An alternative could also be to replace it with synthetic data.
simulist is a good candidate for this. I believe it has all the features you need here and if not, your feedback can be a good source of improvement.
cc @joshwlambert
thank you for the feedback, I opted to make this simpler, to assess for cfr::prepare_data
and give visibility to {incidence2}
library(outbreaks)
library(tidyverse)
library(cfr)
mers_korea_2015$linelist %>%
as_tibble() %>%
select(starts_with("dt_"))
#> # A tibble: 162 × 6
#> dt_onset dt_report dt_start_exp dt_end_exp dt_diag dt_death
#> <date> <date> <date> <date> <date> <date>
#> 1 2015-05-11 2015-05-19 2015-04-18 2015-05-04 2015-05-20 NA
#> 2 2015-05-18 2015-05-20 2015-05-15 2015-05-20 2015-05-20 NA
#> 3 2015-05-20 2015-05-20 2015-05-16 2015-05-16 2015-05-21 2015-06-04
#> 4 2015-05-25 2015-05-26 2015-05-16 2015-05-20 2015-05-26 NA
#> 5 2015-05-25 2015-05-27 2015-05-17 2015-05-17 2015-05-26 NA
#> 6 2015-05-24 2015-05-28 2015-05-15 2015-05-17 2015-05-28 2015-06-01
#> 7 2015-05-21 2015-05-28 2015-05-16 2015-05-17 2015-05-28 NA
#> 8 2015-05-26 2015-05-29 2015-05-15 2015-05-15 2015-05-29 NA
#> 9 NA 2015-05-29 2015-05-15 2015-05-17 2015-05-29 NA
#> 10 2015-05-21 2015-05-29 2015-05-16 2015-05-16 2015-05-29 NA
#> # ℹ 152 more rows
mers_incidence <- mers_korea_2015$linelist %>%
# incidence2 workflow
incidence2::incidence(date_index = c("dt_onset","dt_death")) %>%
# incidence2::complete_dates()
identity()
mers_incidence
#> # incidence: 35 x 3
#> # count vars: dt_onset, dt_death
#> date_index count_variable count
#> * <date> <chr> <int>
#> 1 2015-05-11 dt_onset 1
#> 2 2015-05-17 dt_onset 1
#> 3 2015-05-18 dt_onset 1
#> 4 2015-05-20 dt_onset 5
#> 5 2015-05-21 dt_onset 6
#> 6 2015-05-22 dt_onset 2
#> 7 2015-05-23 dt_onset 4
#> 8 2015-05-24 dt_onset 2
#> 9 2015-05-25 dt_onset 3
#> 10 2015-05-26 dt_onset 1
#> # ℹ 25 more rows
mers_incidence %>%
cfr::prepare_data(cases_variable = "dt_onset",deaths_variable = "dt_death")

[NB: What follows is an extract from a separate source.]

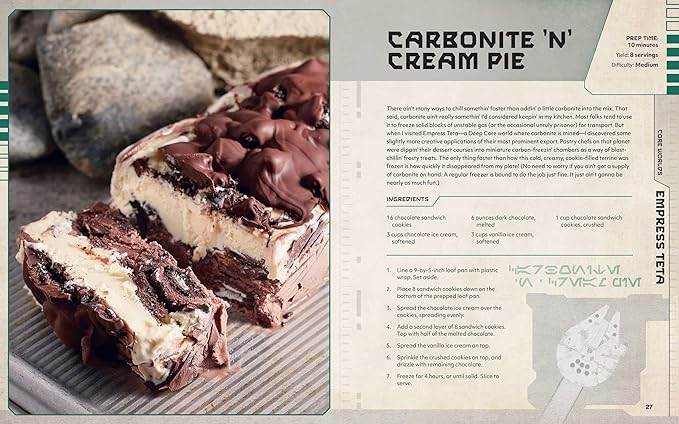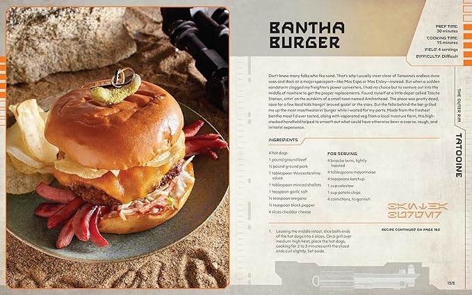 Star Wars: The Ultimate Cookbook is a follow-up to Star Wars: Galaxy’s Edge - The Official Black Spire Cookbook and Star Wars: The Life Day Cookbook, which means it is written in-universe by Chef Strono “Cookie" Tuggs (a character created for the menagerie of Maz Kanata’s castle in Star Wars: The Force Awakens but who has since been incorporated into the lore for the Star Wars: Galaxy’s Edge lands at Disney Parks), though in reality the book was written by Jenn Fujikawa and Marc Sumerak, who have both contributed to Star Wars publishing a number of times before. Tuggs, however, is the one credited for the tome’s introduction and chapter synopses, which take us around the Star Wars galaxy from the Core Worlds to the Colonies, and the Inner Rim to the Outer Rim, in search of the most delicious dishes from each planet the Artiodac has visited.

#> NAs in cases and deaths are being replaced with 0s: Set `fill_NA = FALSE` to prevent this.
#> date deaths cases
#> 1 2015-05-11 0 1
#> 2 2015-05-12 0 0
#> 3 2015-05-13 0 0
#> 4 2015-05-14 0 0
#> 5 2015-05-15 0 0
#> 6 2015-05-16 0 0
#> 7 2015-05-17 0 1
#> 8 2015-05-18 0 1
#> 9 2015-05-19 0 0
#> 10 2015-05-20 0 5
#> 11 2015-05-21 0 6
#> 12 2015-05-22 0 2
#> 13 2015-05-23 0 4
#> 14 2015-05-24 0 2
#> 15 2015-05-25 0 3
#> 16 2015-05-26 0 1
#> 17 2015-05-27 0 2
#> 18 2015-05-28 0 1
#> 19 2015-05-29 0 3
#> 20 2015-05-30 0 5
#> 21 2015-05-31 0 10
#> 22 2015-06-01 2 16
#> 23 2015-06-02 0 11
#> 24 2015-06-03 1 7
#> 25 2015-06-04 1 12
#> 26 2015-06-05 1 9
#> 27 2015-06-06 0 7
#> 28 2015-06-07 0 7
#> 29 2015-06-08 2 6
#> 30 2015-06-09 0 1
#> 31 2015-06-10 2 6
#> 32 2015-06-11 1 3
#> 33 2015-06-12 0 0
#> 34 2015-06-13 0 2
#> 35 2015-06-14 0 0
#> 36 2015-06-15 0 1
mers_incidence %>%
cfr::prepare_data(cases_variable = "dt_onset",deaths_variable = "dt_death") %>%
cfr::cfr_static()
#> NAs in cases and deaths are being replaced with 0s: Set `fill_NA = FALSE` to prevent this.
#> severity_mean severity_low severity_high
#> 1 0.07407407 0.03609165 0.1320059
Created on 2024-04-17 with reprex v2.1.0
An alternative could also be to replace it with synthetic data.
simulist is a good candidate for this. I believe it has all the features you need here and if not, your feedback can be a good source of improvement.
cc @joshwlambert
just tried {simulist} and filled a (not longer urgent) issue in https://github.com/epiverse-trace/simulist/issues/102 to try to get a similar scenario like the one above
The challenge on HFR uses data from {covidregionaldata} country UK region England
Is it fair to assume that all deaths happened in a hospital setting? or in any case, would it be appropriate to add that explicit assumption?